Bilateral engagement produced concrete results in 2010. In particular, the two sides were able to make progress on significant trade issues through the JCCT in a number of areas, while also establishing channels for further engagement in other areas where more discussions are needed to find solutions. For example, China made the following commitments, among others:
 
  • China agreed to take a series of steps to systemically improve the enforcement of intellectual property rights (IPR) in China. China agreed to expand and enhance its software legalization program, both for government agencies and state-owned enterprises, to take steps to eradicate piracy of online academic journals, to adopt more effective rules for addressing intermediate liability for Internet piracy and to crack down on landlords who rent space to counterfeiters.
  • China agreed not to maintain any measures that provide government procurement preferences for goods or services based on the location where the intellectual property is owned or was developed.
  • In order to accelerate its accession to the WTO’s Government Procurement Agreement (GPA), China agreed to submit a robust, revised offer of coverage in 2011.
  • China agreed to revise a major industrial equipment catalogue and not to use it for import substitution or the provision of export subsidies or otherwise to discriminate against foreign suppliers.
  • China agreed to technology neutrality for third generation (3G) networks and future networks based on new technologies, allowing operators to choose freely among those technologies. China also agreed not to provide any preferential treatment based on the standard or technology used by an operator.
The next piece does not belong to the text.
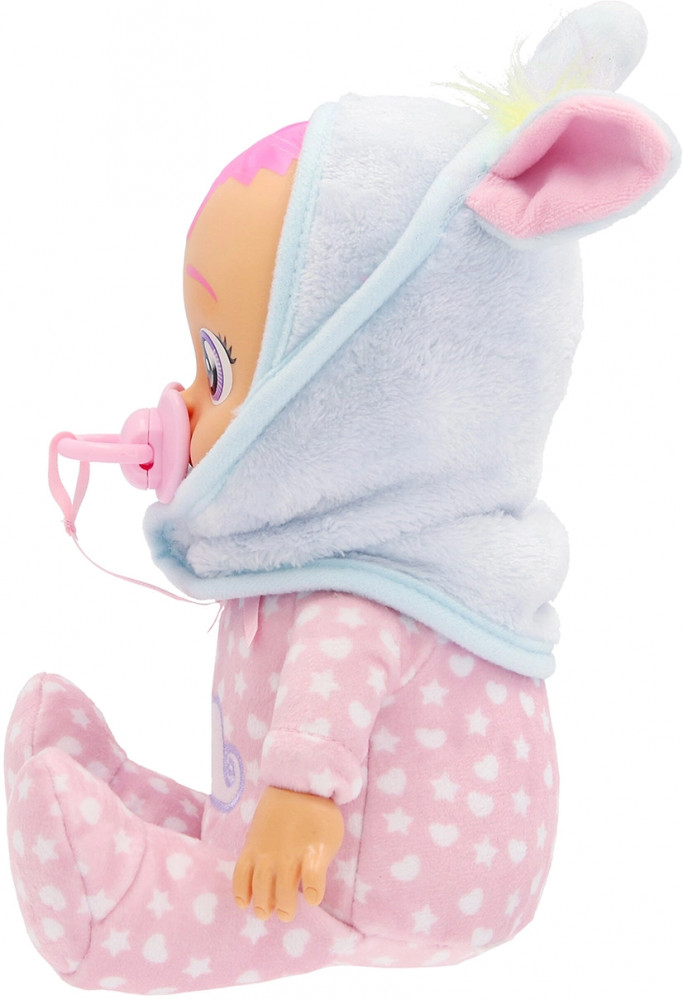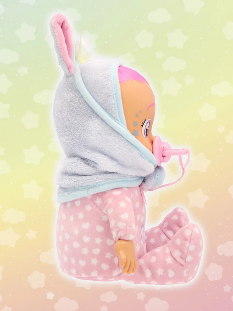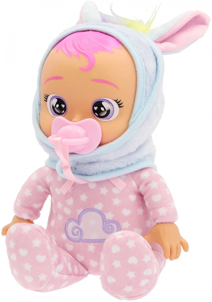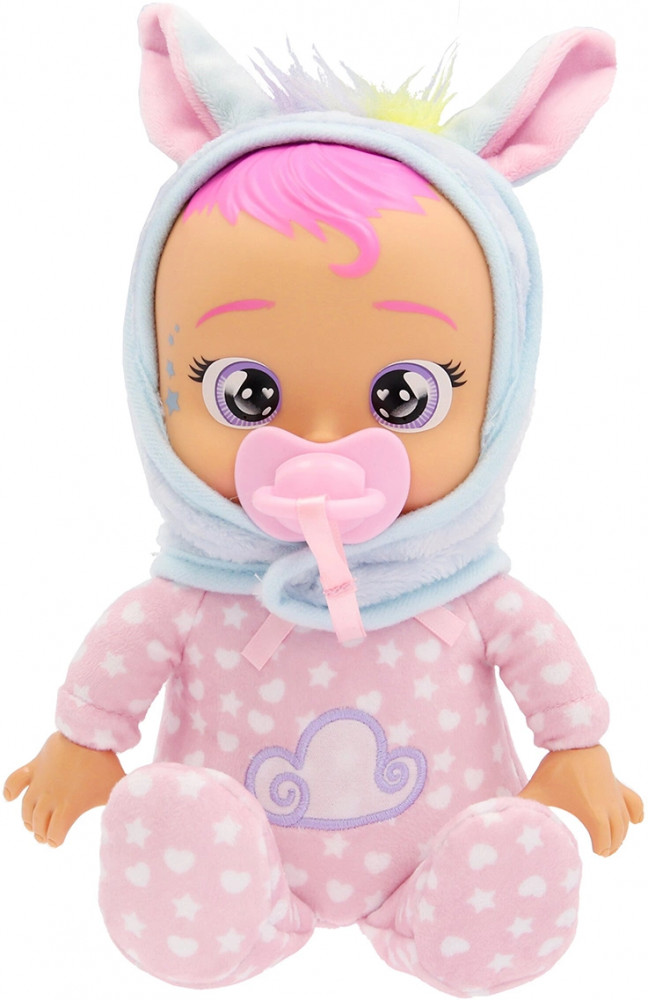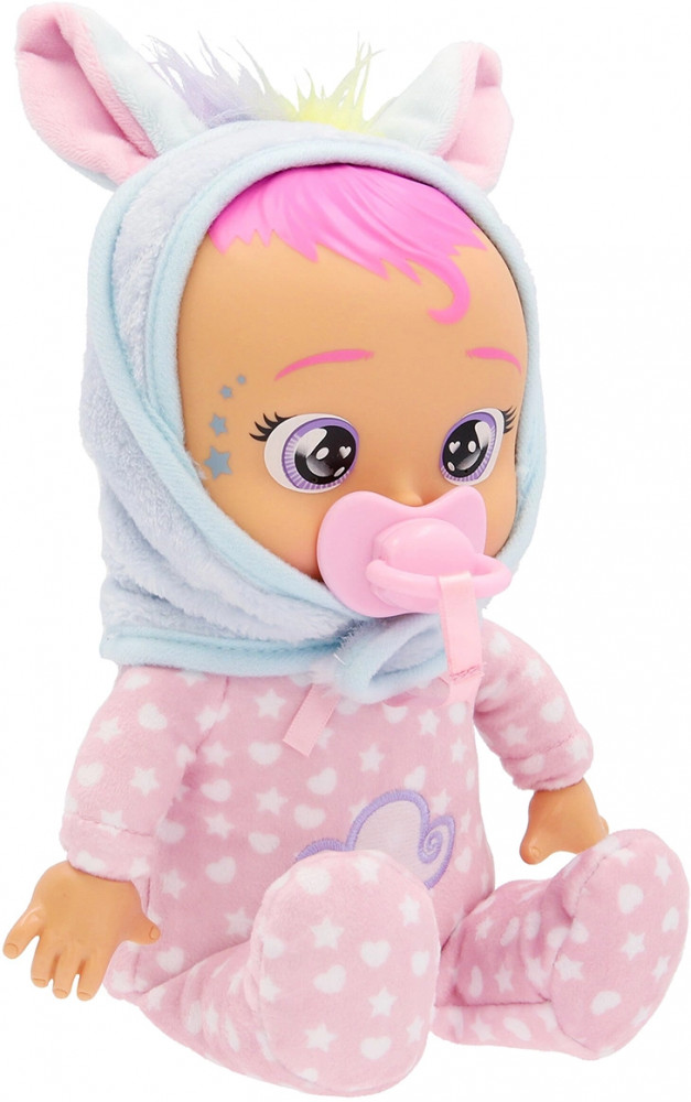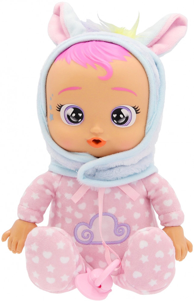 Но не стоит расстраивать обворожительную малышку! Если нажать на ее голову, она начнет плакать настоящими слезами. Обними Дженну и дай пустышку или расскажи ей веселую историю, и Малышка снова станет счастливой! Обаятельная Дженна носит с собой полотенчико, сочетающееся с ее модной пижамой-пегасом.

  • China committed to openness, transparency and non-discrimination in  the development of standards for its smart grid market, basing any new standards on relevant international standards; to provide equal treatment to foreign and domestic enterprises; and to ensure that state-owned enterprises base purchases and sales solely on commercial considerations.
  • China committed to modify its criteria for approval of new wind power projects by no longer requiring foreign enterprises to have prior experience in China in providing large-scale wind power projects and instead recognizing their prior experience outside China.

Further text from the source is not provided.